On 19 March 2015 the Tax and Superannuation Laws Amendment (2014 Measure No. 7) Act 2015 received Royal Assent. The Act contains in Schedule 4 the changes of the law in relation to involuntary roll-over superannuation benefits and applies from 1 July 2015.
The law alterations were introduced to ensure that superannuation fund members, depositors with an approved deposit fund and holders of a retirement savings account are not disadvantaged where the benefits are rolled over between plans in response to the Stronger Super package of super reforms or where a successor fund transfer occurs.
The alterations also offer greater confidence for super funds that are considering entering into super fund mergers.
The law amendments provide:
- A definition of an involuntary roll-over superannuation benefit and an updated definition of successor fund.
- That an individual will remain in the same taxation position if their superannuation interest is involuntarily rolled over to another superannuation plan.
- Where an individual’s superannuation interest was not supporting an income stream, the new plan will recognise the value of the individual’s contribution segment and crystallised segment in the original plan immediately prior to the involuntary transfer.
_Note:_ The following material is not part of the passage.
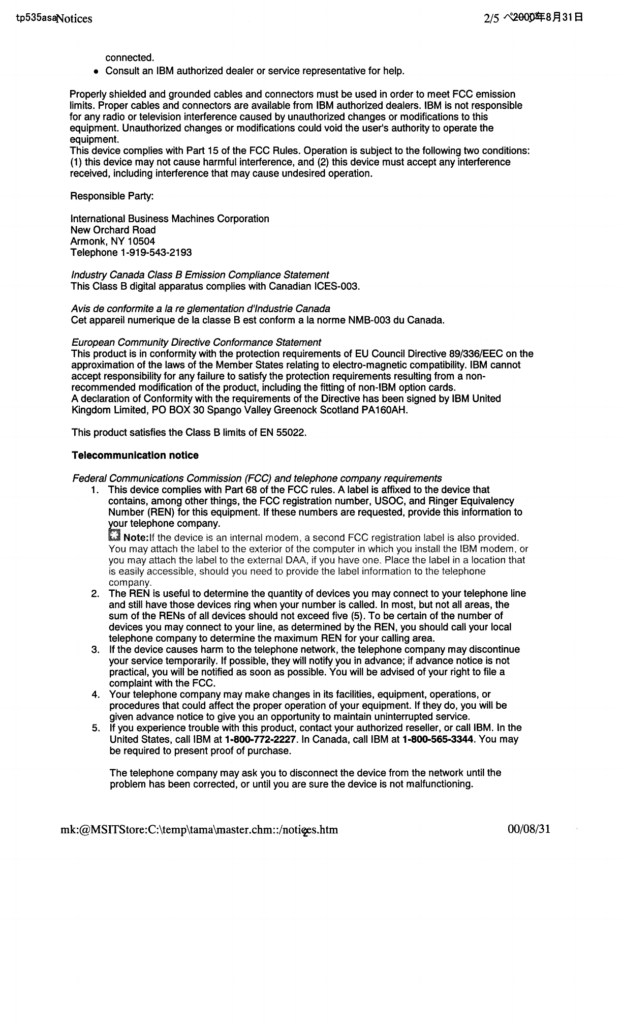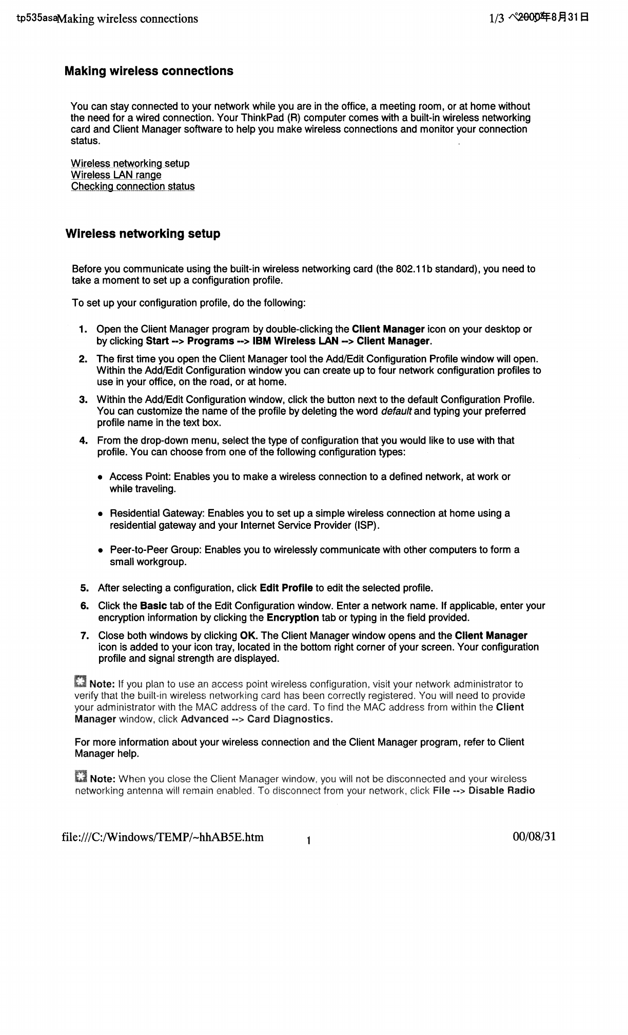 International Business Machines Corporation IBM ThinkPad Manual2 WLAN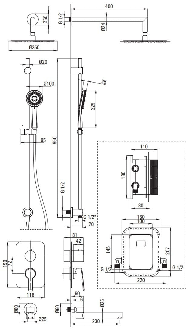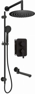 Komplet podtynkowy Arnika składa się z drążka ze słuchawką i głowicą deszczową, ze składanej wylewki oraz z boxa mieszaczowego z przełącznikiem natrysku. Uchwyt słuchawki można przesuwać do dowolnej pozycji. Słuchawka oraz głowica deszczowa wyposażone są w system Anti - calc, ułatwiający czyszczenie ich z osadu i kamienia. Wylewkę można podczas kąpieli złożyć równolegle do ściany. Komplet wykończony jest w modnym czarnym matowym kolorze.

- That income stream benefits be paid from the new plan in the same proportion of tax free and taxable components as they were from the original plan.
- That the original transferring plan is no longer required to give their former members, depositors or account holders a roll-over benefit statement in relation to an involuntary roll-over superannuation benefit.
The ATO has prolonged its current concessional compliance treatment until 1 July 2015 in relation to successor fund transfers.